Over the last three years, the Lincoln-based company has seen "leaps and bounds" in its sales -- 20% to 30% annually -- to retail stores as well as food service providers, said Billy Swain, Great Plains Beef's director of business development.
Swain said the company anticipates that will continue: "We expect to see at least 30% growth in 2021."
Great Plains Beef chalks its success up to the quality of its product as well as the experience it provides consumers.
Unlike other breeds, Piedmontese cattle carry a unique gene that causes the animals to develop extra muscle in place of fat.
Originating in the Piedmont region of northwest Italy before being brought to North America about a half century ago and purchased by the Peed family in the early 2000s, the result is a leaner meat source without the marbling of muscle and fat demonstrated in other cattle breeds.
Great Plains Beef's job is to ensure all of its Certified Piedmontese products meet the high standard of a tender beef low in cholesterol and saturated fat, Swain said.
It does that by being directly involved in nearly every step of the process from birth-to-plate, he added, which is often of interest to consumers.
"Every calf that hits the ground is developed by one of our bulls and we DNA test to make sure they all have that one genetic marker to qualify for our program," Swain said.
The company develops bulls at a facility near Broken Bow for breeding, raises calves on five family ranches scattered across central and western Nebraska, and processes carcasses into cuts of steak and ground beef in a recently opened facility in Lincoln.
Transformed from the former Sunwest Farms near 84th Street and Havelock Avenue, the multibuilding campus employs 150 people and houses cold storage, room for grinding and hand-cut portioning of steaks, e-commerce, retail sales and even a by-reservation-only restaurant.

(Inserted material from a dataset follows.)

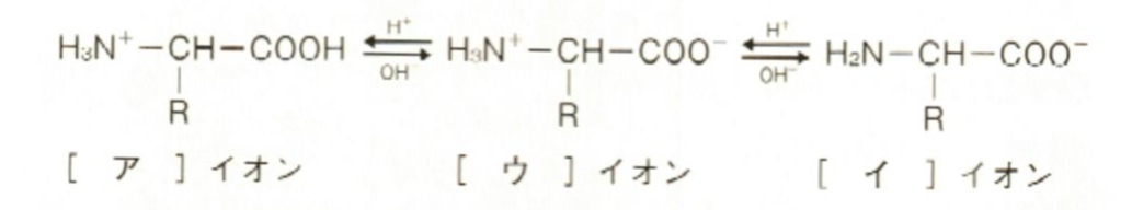*「上の図の様に,アミノ酸の水溶液を酸性にすると,( ① )イオン,塩基性にすると,( ② )イオン,その中間で( ③ )イオンになります。」

Swain said since moving from its original home at Sandhills Publishing in Lincoln into the new facility in August, Great Plains Beef has begun to ramp up its production to meet demand across all 50 states, particularly the East and West coasts.
A state-of-the-art grinding room can produce up to 55,000 pounds of ground beef daily -- made in smaller 700-pound batches as opposed to the 20,000 to 40,000 pounds by larger meat packers -- as well as nearly 15,000 pounds of hand-cut sirloins, New York strips and flatiron steaks each week.
Great Plains Beef has also opened the Mercato, roughly 900 square feet of butcher shop space with dry-aged steaks, hand-cut portions, house-made sausages, burgers and seafood, as well as Casa Bovina, a 75-seat restaurant featuring a chef's table, top-end kitchen and bar.
Being involved "in every aspect of that cattle's life" has led Great Plains Beef to get its foot in the door at restaurants and retail stores, particularly as more consumers, whether they are dining at a 5-star Michelin restaurant or hosting a backyard cookout, aim for a high-end product, Swain said.
"More and more people want to know where their food comes from and how it's produced," he said. "That's how we began to get our foot in the door."
The tender product has now become the beef of choice for Honest Abe's Burgers and Freedom, a Lincoln landmark, as well as Hopdoddy Burger Bar, a chain of restaurants originating in Texas.
Great Plains Beef products are also featured at the Nebraska Athletic Department's training table, along with other college and professional sports programs.
Swain said the company aims to continue to scale up its production without compromising the ethics it was founded on.
"For us, it's not a trend, it's a way of life," he said, "which is to provide a tender-eating experience in every single cut."
Progress Certified Piedmontese
Progress Certified Piedmontese
Progress Certified Piedmontese
Progress Certified Piedmontese
Progress Certified Piedmontese
Progress Certified Piedmontese
Progress Certified Piedmontese
Progress Certified Piedmontese
Progress Certified Piedmontese
Progress Certified Piedmontese
Progress Certified Piedmontese
Reach the writer at 402-473-7120 or cdunker@journalstar.com.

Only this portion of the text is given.